4. Threat intelligence goes haywire
Threat intelligence is arguably a mixed blessing when it comes to machine learning. On the one hand, it is universally accepted that, in an age of false positives, machine learning systems will help analysts to identify the real threats coming from multiple systems. “Applying machine learning delivers two significant gains in the domain of threat intelligence,” said Recorded Future CTO and co-founder Staffan Truvé in a recent whitepaper.

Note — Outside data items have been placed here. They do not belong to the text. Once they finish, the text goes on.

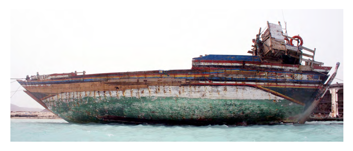
Figure 5. An abandoned zarūq at Khawr al-Ghurayra.

allow a prop-shaft to emerge into a space, forward of the stem-post, created for the propeller. The wash of the propeller passes over the stem-post and the rudder blade attached to it. The midships area is open to the hold, with decks fore and aft. The term 'obrī is not mentioned in previous literature on Yemeni craft, but craft is clearly the " ib'ri ( sic. )" whose construction Perrier describes,<sup>27</sup> and the vessel type is clearly the " sanbuq " encountered by Prados in the early 1990s<sup>28</sup>.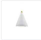
492716-WH/GD White with Gold detail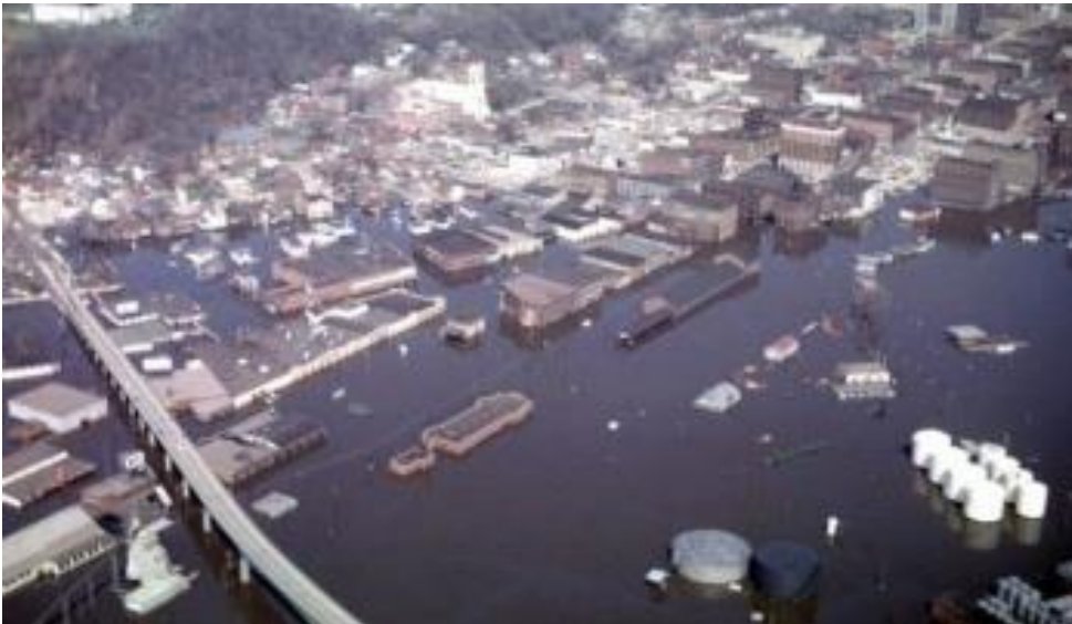
Figure 10. Floodwaters from the Mississippi River inundate downtown Dubuque, Iowa in April 1965.

“First, the processing and structuring of such huge volumes of data, including analysis of the complex relationships within it, is a problem almost impossible to address with manpower alone. Augmenting the machine with a reasonably capable human, means you’re more effectively armed than ever to reveal and respond to emerging threats,” Truvé wrote. “The second is automation — taking all these tasks, which we as humans can perform without a problem, and using the technology to scale up to a much larger volume we could ever handle.”
However, there’s the belief, too, that criminals will adapt to simply overload those alerts once more. McAfee’s Grobman previously pointed to a technique known as “raising the noise floor.” A hacker will use this technique to bombard an environment in a way to generate a lot of false positives to common machine learning models. Once a target recalibrates its system to filter out the false alarms, the attacker can launch a real attack that can get by the machine learning system.
5. Unauthorized access
An early example of machine learning for security attacks was published back in 2012, by researchers Claudia Cruz, Fernando Uceda, and Leobardo Reyes. They used support vector machines (SVM) to break a system running on reCAPTCHA images with an accuracy of 82 percent. All captcha mechanisms were subsequently improved, only for the researchers to use deep learning to break the CAPTCHA once more. In 2016, an article was published that detailed how to break simple-captcha with 92 percent accuracy using deep learning.
Separately, the “I am Robot” research at last year’s BlackHat revealed how researchers broke the latest semantic image CAPTCHA and compared various machine learning algorithms. The paper promised a 98 percent accuracy on breaking Google’s reCAPTCHA.
6. Poisoning the machine learning engine
A far simpler, yet effective, technique is that the machine learning engine used to detect malware could be poisoned, rendering it ineffective, much like criminals have done with antivirus engines in the past. It sounds simple enough; the machine learning model learns from input data, if that data pool is poisoned, then the output is also poisoned. Researchers from New York University demonstrated how convolutional neural networks (CNNs) could be backdoored to produce these false (but controlled) results through CNNs like Google, Microsoft, and AWS.